The plan proposes three APCs for outpatient delivery of chemotherapy—intramuscular subcutaneous, push infusion, and pump. “So when an individual presents for chemotherapy to a hospital outpatient department facility, he or she would be assigned to one of these three APCs with a dollar amount,” he said.

There are four APCs for chemotherapy drugs, grouped by the cost of the quantity specified in each J-code. “In other words,” he said, “within a specific category of chemotherapy drugs, there is absolutely no relation of one drug to another as far as cost.”
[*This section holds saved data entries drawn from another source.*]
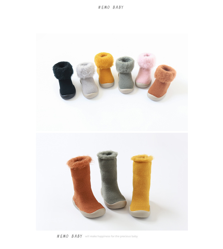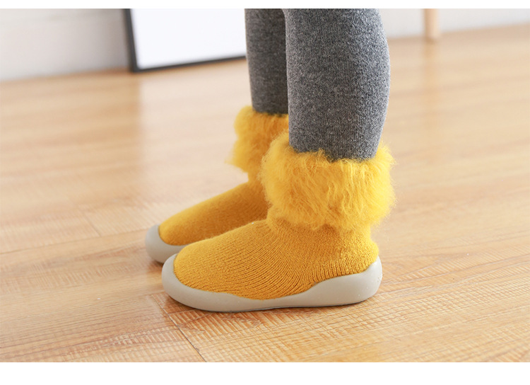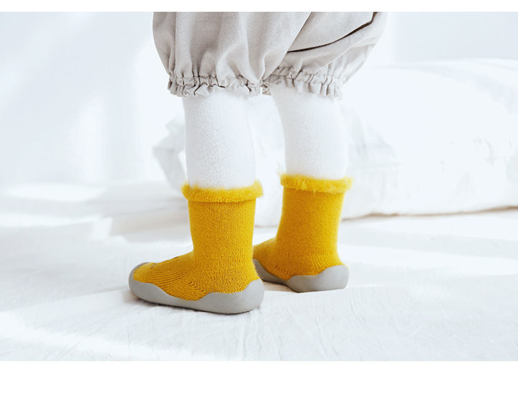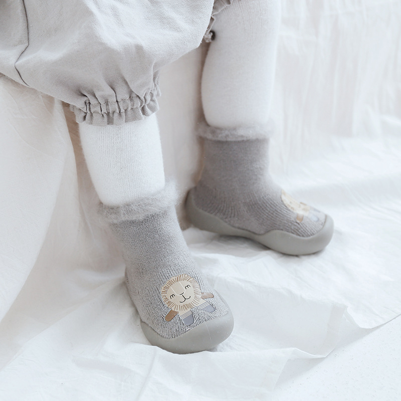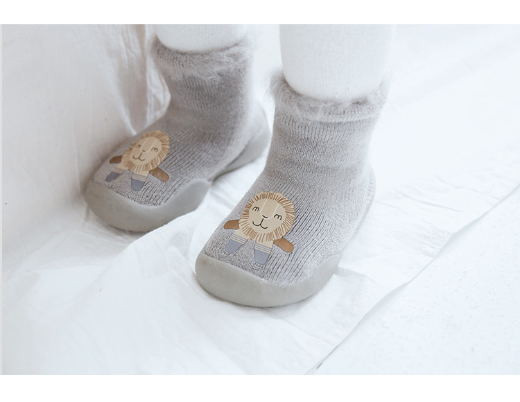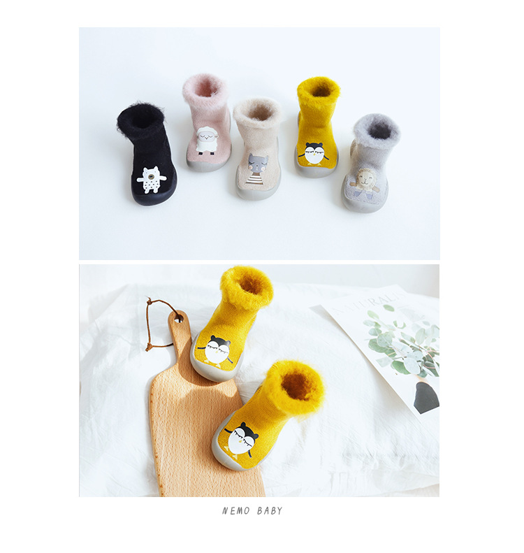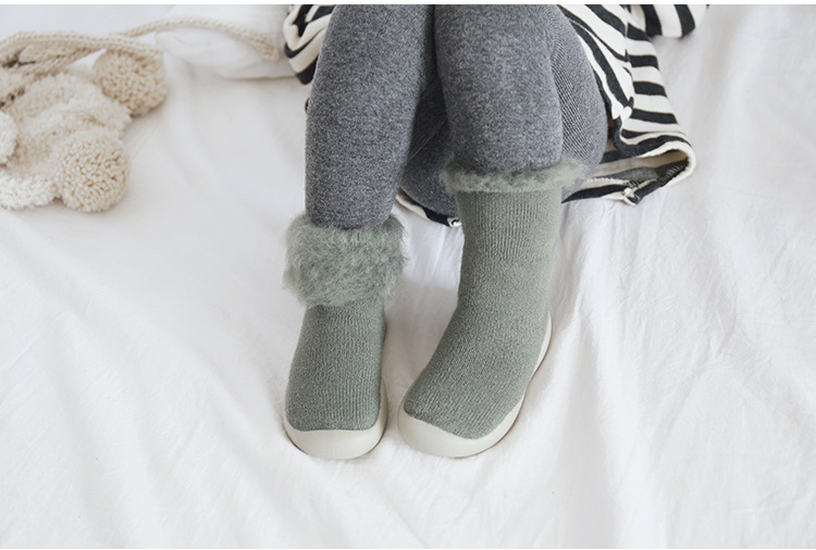 18新款秋冬加厚加绒儿童地板袜刷毛宝宝学步鞋袜胶底卡通中筒袜子
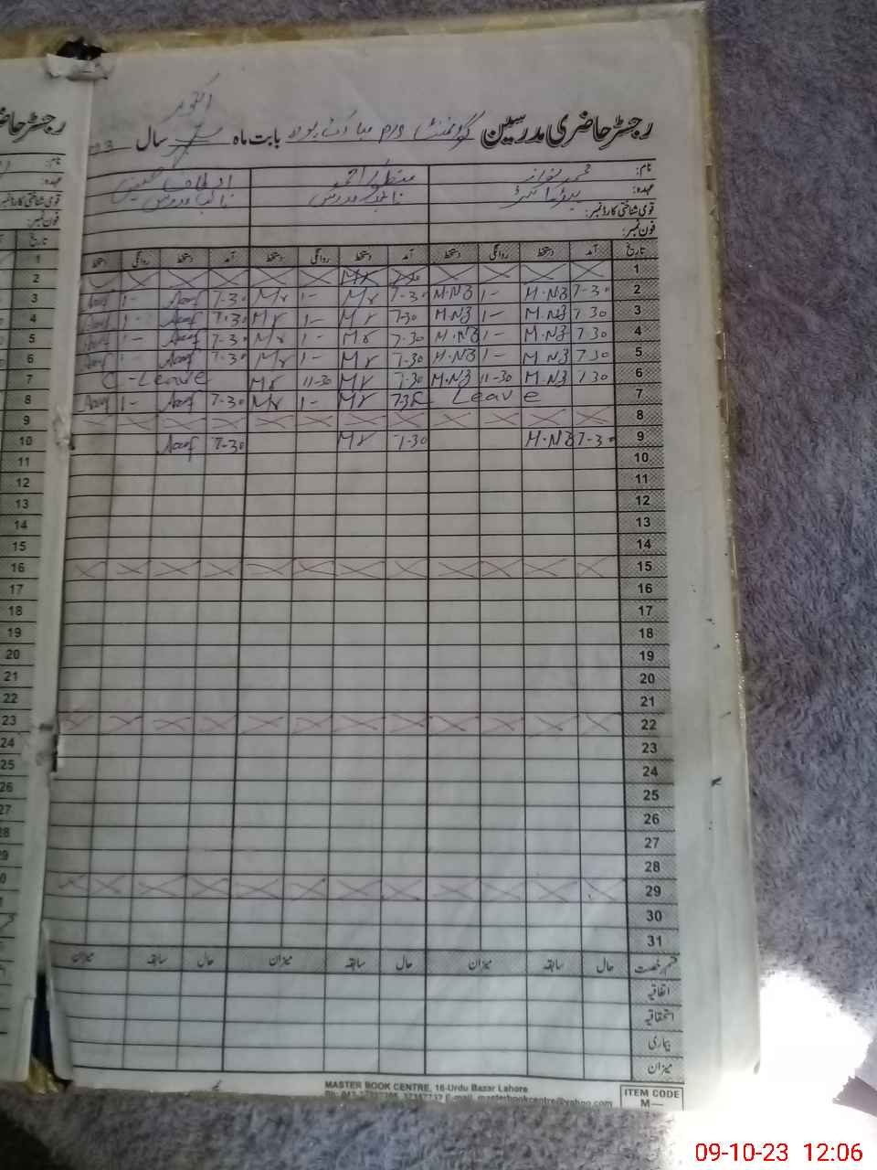 | CNIC | Full Name | Designation | R/C | Absence During Last Calender Month |
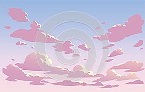 Vector landscape blue sky and clouds. Sunset. Anime cartoon clean style.
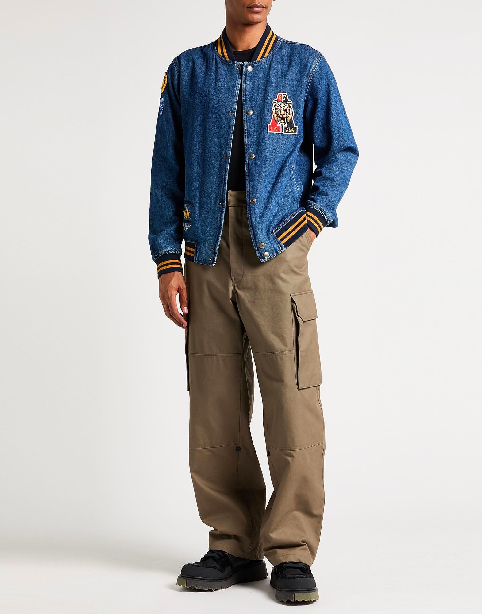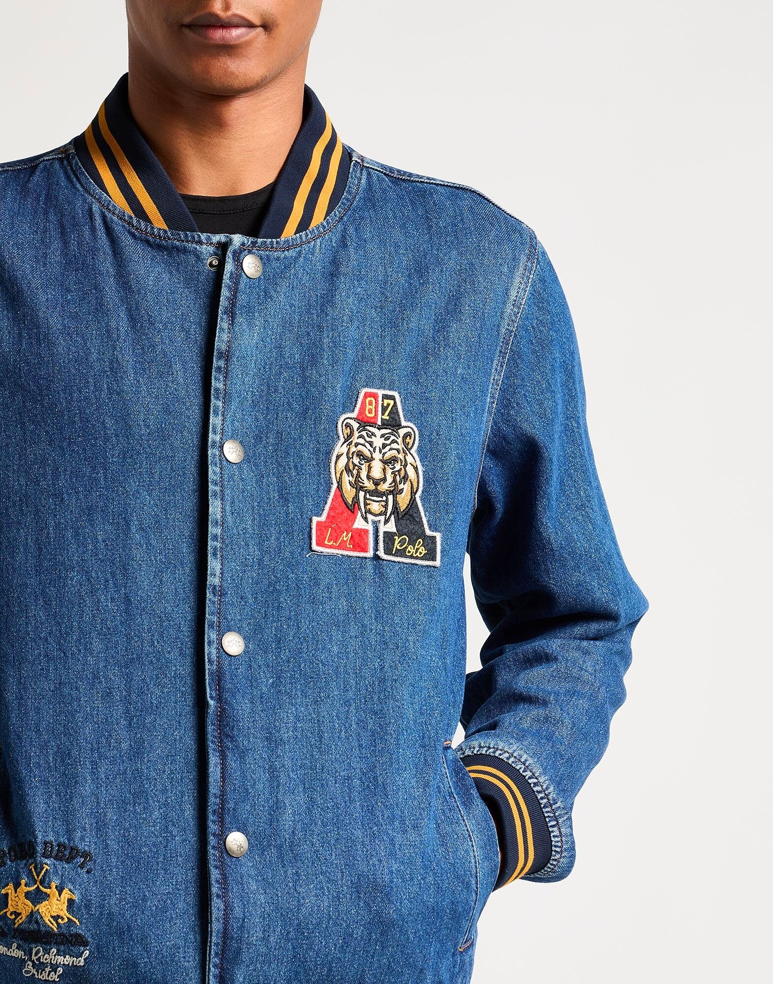 Джинсовая куртка-бомбер, джинсовая ткань, логотип бренда, нашивки, однотонная с аппликациями, средний оттенок, круглый вырез, длинные рукава, без подкладки, застежка на кнопки, прорезные карманы, машинная стирка или химчистка, не отбеливать, сушить в сушилке
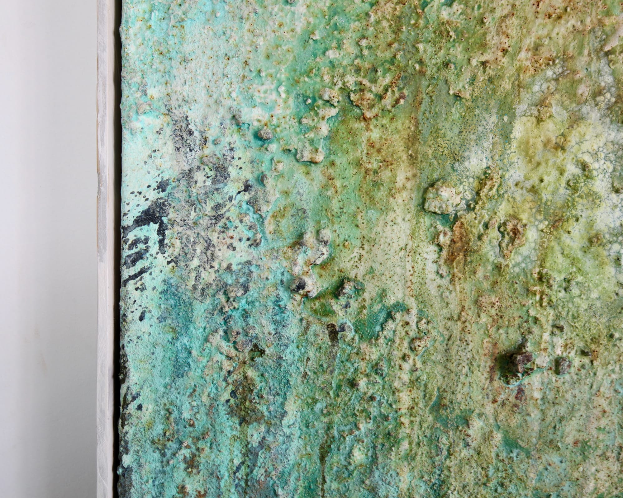Den oxiderede æstetik og patina-lignende kvalitet i maleriet understreger tidens gang og materialers forandring, og er i bund og grund et visuelt ekko af filosofien om at alt er i konstant flux.
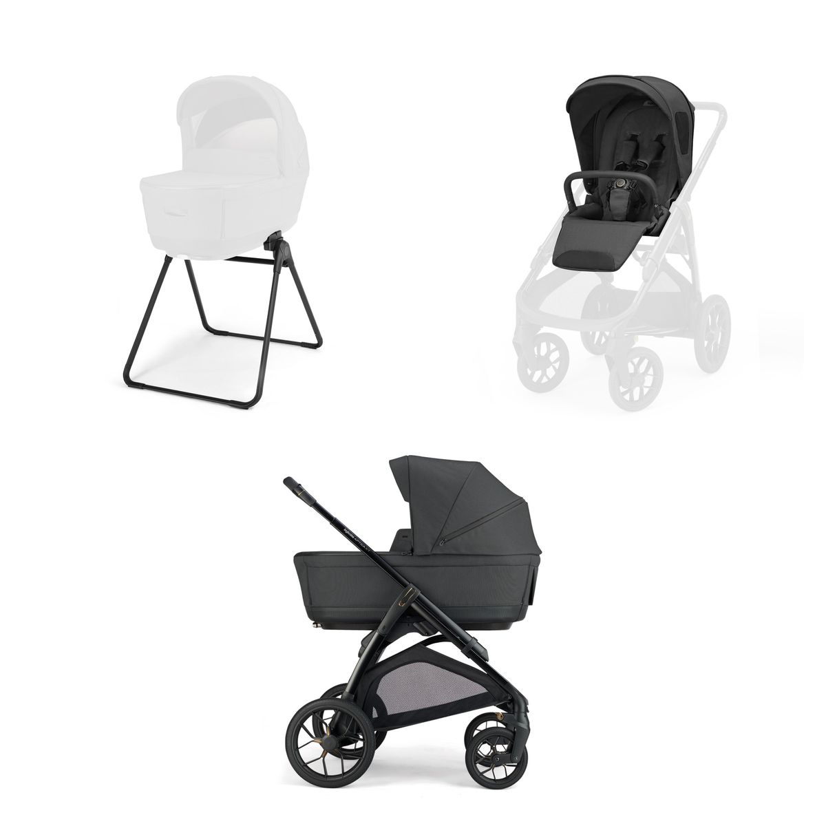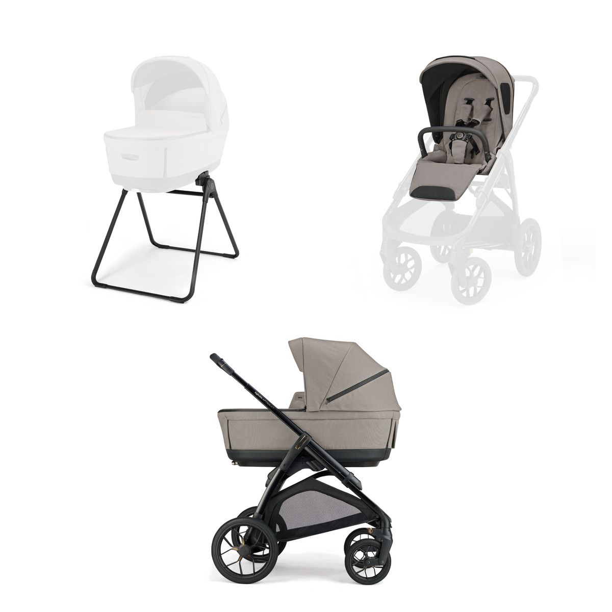Gracias a su estructura modular, el sistema permite utilizar capazo durante los primeros meses y posteriormente transformarse en silla de paseo reversible, adaptándose a cada etapa del crecimiento del niño.

Dr. Bailes foresees a number of potential problems. “First is the lack of separate payment for supportive care drugs,” he said. “Currently, there is no separate billing for nonchemotherapy drugs, including growth factors and antiemetics.”

Second, he said, the bundling into a single APC of drugs of widely varying costs creates undesirable incentives. Paclitaxel (Taxol), for example, is in a category that reimburses $90, whereas fluorouracil (5-FU) is in a category that reimburses $50. “You can see that there is a potential incentive for physicians to use the lower cost drugs,” he said.

Patient co-insurance payments are also an issue. “For some of these drugs, the patient co-insurance will be substantial,” he said. For example, the patient co-insurance for 500 mg of fluorouracil could be as high as $45.

What to Do?

Dr. Bailes said that ASCO has been extremely active in combating the use of APCs. “We’ve met with HCFA and with the American Hospital Association. We have issued draft comments, which can be obtained from the ASCO office, suggesting several ways to handle this.”

First, he said, ASCO believes that chemotherapy drugs need to be reimbursed on a fee schedule as in the past. “We think that the HCFA cost data for major teaching hospitals, and certainly for cancer hospitals, are wrong,” he said. “HCFA even admits it is wrong on this, but doesn’t know how to fix it.”

ASCO also believes that because of these inaccurate data, the cancer services themselves—cancer services in the hospital outpatient department—ought to be kept separate (carved out), “at least for some period of time.”